Re: Support for decimal separator (comma or period) in spark 2.1

Posted by Hyukjin Kwon <gu...@gmail.com>.
Please take a look at https://issues.apache.org/jira/browse/SPARK-18359.

2017-02-23 21:53 GMT+09:00 Arkadiusz Bicz <ar...@gmail.com>:

> Thank you Sam for answer, I have solved problem by loading all decimals
> columns as string and replacing all commas with dots but this solution is
> lacking of automatic infer schema which is quite nice functionality.
>
> I can work on adding new option to DataFrameReader  for localization like:
>
> spark.read.option("NumberLocale", "German").csv("filefromeurope.csv")
>
> Just wonder if it will be accepted?
>
> Best Regards,
>
> Arkadiusz Bicz
>
> On Thu, Feb 23, 2017 at 1:35 PM, Sam Elamin <hu...@gmail.com>
> wrote:
>
>> Hi Arkadiuz
>>
>> Not sure if there is a localisation ability but I'm sure other will
>> correct me if I'm wrong
>>
>>
>> What you could do is write a udf function that replaces the commas with a
>> .
>>
>> Assuming you know the column in question
>>
>>
>> Regards
>> Sam
>> On Thu, 23 Feb 2017 at 12:31, Arkadiusz Bicz <ar...@gmail.com>
>> wrote:
>>
>>> Hi Team,
>>>
>>> I would like to know if it is possible to specify decimal localization
>>> for DataFrameReader for  csv?
>>>
>>> I have cvs files from localization where decimal separator is comma like
>>> 0,32 instead of US way like 0.32
>>>
>>> Is it a way to specify in current version of spark to provide
>>> localization:
>>>
>>> spark.read.option("sep",";").option("header",
>>> "true").option("inferSchema", "true").format("csv").load("no
>>> nuslocalized.csv")
>>>
>>> If not should I create ticket in jira for this ? I can work on solution
>>> if not available.
>>>
>>> Best Regards,
>>>
>>> Arkadiusz Bicz
>>>
>>>
>>>
>

Re: Support for decimal separator (comma or period) in spark 2.1

Posted by Arkadiusz Bicz <ar...@gmail.com>.
Thank you Sam for answer, I have solved problem by loading all decimals
columns as string and replacing all commas with dots but this solution is
lacking of automatic infer schema which is quite nice functionality.
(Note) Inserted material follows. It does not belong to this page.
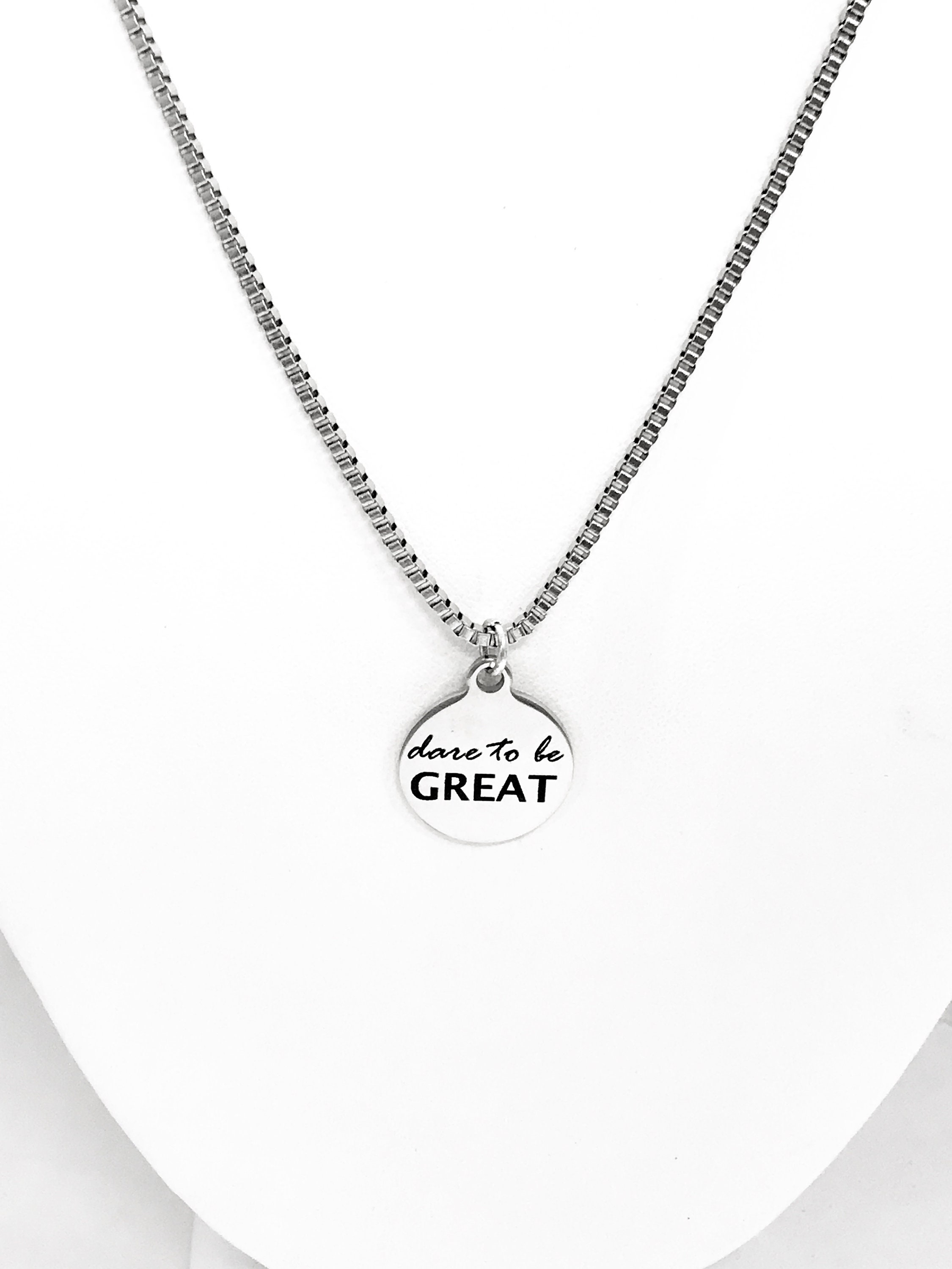 This is great motivating gift necklace. This necklace comes with a stainless steel laser engraved charm pendant on a 20 inch stainless steel box chain. The pendant has “dare to be GREAT” on it. The pendant is also available for individual purchase if you have another chain on which you would like to wear it.

I can work on adding new option to DataFrameReader  for localization like:

spark.read.option("NumberLocale", "German").csv("filefromeurope.csv")

Just wonder if it will be accepted?

Best Regards,

Arkadiusz Bicz

On Thu, Feb 23, 2017 at 1:35 PM, Sam Elamin <hu...@gmail.com> wrote:

> Hi Arkadiuz
>
> Not sure if there is a localisation ability but I'm sure other will
> correct me if I'm wrong
>
>
> What you could do is write a udf function that replaces the commas with a .
>
> Assuming you know the column in question
>
>
> Regards
> Sam
> On Thu, 23 Feb 2017 at 12:31, Arkadiusz Bicz <ar...@gmail.com>
> wrote:
>
>> Hi Team,
>>
>> I would like to know if it is possible to specify decimal localization
>> for DataFrameReader for  csv?
>>
>> I have cvs files from localization where decimal separator is comma like
>> 0,32 instead of US way like 0.32
>>
>> Is it a way to specify in current version of spark to provide
>> localization:
>>
>> spark.read.option("sep",";").option("header",
>> "true").option("inferSchema", "true").format("csv").load("
>> nonuslocalized.csv")
>>
>> If not should I create ticket in jira for this ? I can work on solution
>> if not available.
>>
>> Best Regards,
>>
>> Arkadiusz Bicz
>>
>>
>>

Re: Support for decimal separator (comma or period) in spark 2.1

Posted by Sam Elamin <hu...@gmail.com>.
Hi Arkadiuz

Not sure if there is a localisation ability but I'm sure other will correct
me if I'm wrong


What you could do is write a udf function that replaces the commas with a .

Assuming you know the column in question


Regards
Sam
On Thu, 23 Feb 2017 at 12:31, Arkadiusz Bicz <ar...@gmail.com>
wrote:

> Hi Team,
>
> I would like to know if it is possible to specify decimal localization for
> DataFrameReader for  csv?
>
> I have cvs files from localization where decimal separator is comma like
> 0,32 instead of US way like 0.32
>
> Is it a way to specify in current version of spark to provide
> localization:
>
> spark.read.option("sep",";").option("header",
> "true").option("inferSchema",
> "true").format("csv").load("nonuslocalized.csv")
>
> If not should I create ticket in jira for this ? I can work on solution if
> not available.
>
> Best Regards,
>
> Arkadiusz Bicz
>
>
>